Category: Hell in a handcart

We’re all doomed

  • Money keeps you safer than masks

    Yet more evidence that we really aren’t in this together: the Office for National Statistics reports that the Covid-19 death rate in England is more than double in the most deprived areas compared to the least deprived.

    In the most deprived areas the death rate is 55.1 deaths per 100,000 population; in the least deprived, 25.3. In Wales it’s similar: 44.6 to 23.2 deaths per 100,000.

    That’s partly because poorer people tend to live more closely together, partly because poorer people tend to have worse health, and partly because poorer people are more likely to be in jobs classed as “essential” that they can’t do from home.

  • This is not a lockdown

    It’s May Day, the day when we celebrate international workers’ day. But in England many workers have nothing to celebrate: what the papers call a lockdown isn’t stopping employers from forcing people to come in to work non-essential jobs.

    Caroline Molloy, in OpenDemocracy:

    we don’t actually have a lockdown. The government has allowed people to continue to go to work – and allowed bosses to make people continue to go to work – far more than we’re being led to believe, and far more than most of the media seem to have noticed.

    And as openDemocracy has just exposed, across large sections of the economy, many workers in ‘non essential’ jobs are being forced to show up to potentially dangerous workplaces. And some have already got sick. And some have already died.

    51% of the people currently working are not working from home.

    In England, unlike in Scotland and Wales, the government has not even introduced any new legal sanctions if offices, call centres, factories, construction sites, warehouses, and so on, don’t enable social distancing in the workplace. English bosses are expected to “make every effort to comply” with social distancing, but not legally mandated to do anything. Indeed, as “lockdown” progresses, the non-binding guidance has been watered down

    It’s hard to disagree with Molloy’s argument that the reason the media isn’t highlighting this is yet another example of a myopic media class: if they can’t see it, it can’t be happening.

    The baristas and bookshops aren’t there, and who really knows anyone who works in a call centre, factory, or warehouse?

  • Glasgow is going to lose another historic building

    To paraphrase The Onion: I can’t believe this is happening in the only city where this regularly happens.

    Glasgow is set to lose another iconic building, the ABC in Sauchiehall Street. The music venue – one of my very favourite places – was badly damaged by the second Art School fire and has effectively been left to rot since despite promises of its rebirth; it is now in danger of collapsing. That means the previous block on demolition is almost certain to be lifted.

    That’s rather convenient for the developer, because the ABC was a major obstacle to plans to build yet more student flats.

    The entire block in which the ABC sits is owned by a single developer, and the developer’s plans for a seven-story block of flats on this prime bit of real estate were rejected in 2017; the developer appealed to the Scottish Government and was turned down again. The flats would be “detrimental to the historic environment”, which included the Art School’s Macintosh building and the ABC.

    That “historic environment” went on fire (for the second time) in June 2018. As the A Thousand Flowers blog reports, the developer promised to rebuild the ABC as “a world class music venue” but submitted no plans other than an application to completely demolish it.

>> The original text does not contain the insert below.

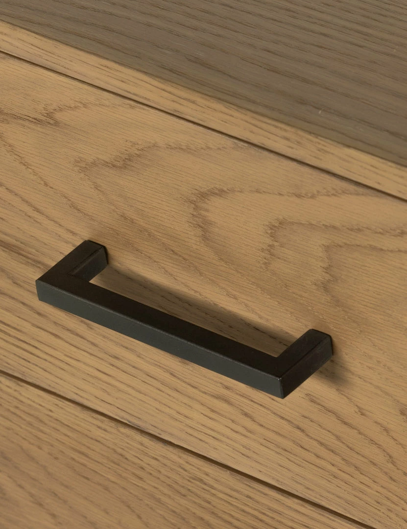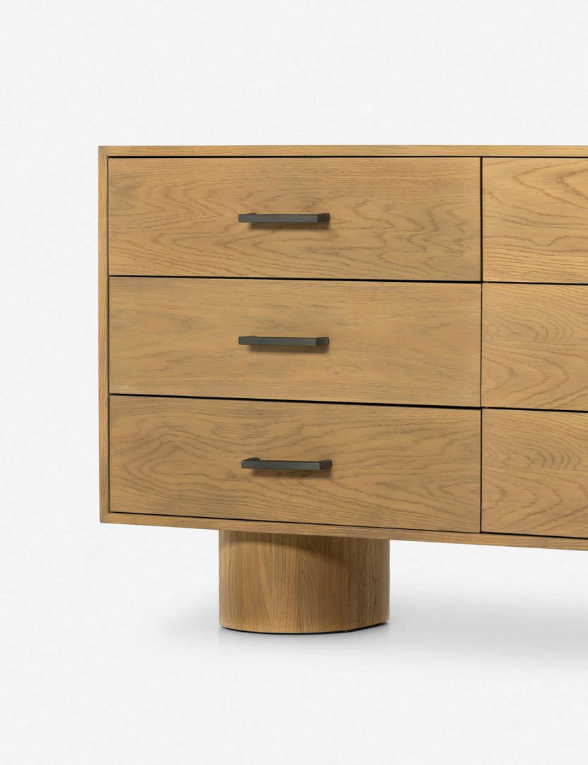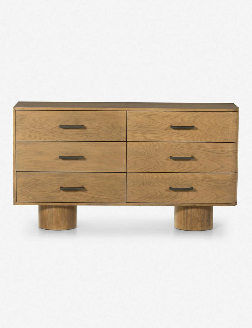 Bring a dramatic edge to your bedroom set with the Cyrus Collection. Clad in an oak veneer burnished to highlight its beautiful natural grain, this dresser sits on chunky cylinder legs setting off a unique silhouette. Six spacious drawers with iron pulls offer ample storage while the single curved side creates a perfect touch of contrast.

    The all too frequently toothless Historic Environment Scotland chipped in to say that, “It is our view that the applicant has not made an adequate effort to retain and preserve this C-listed building (or any part of it), and has therefore not met the tests for demolition”. Garnethill Community Council have said it would “devastating and totally unacceptable” to lose the building. Omnipresent heritage fan and MP Paul Sweeney pointed out in his objection that the building hosted Glasgow’s first ever public film showing, in 1896.

    Glasgow School of Art have also objected to the demolition, pointing out that there are currently no plans for the site’s redevelopment and that the ABC building, with temporary props, is under no imminent danger of collapse. Conveniently, their letter also reiterates that student flat plans for the neighbouring building have been rejected several times and that the ABC’s facade is an effective and important part of the streetscape. We can, perhaps, read between the lines here.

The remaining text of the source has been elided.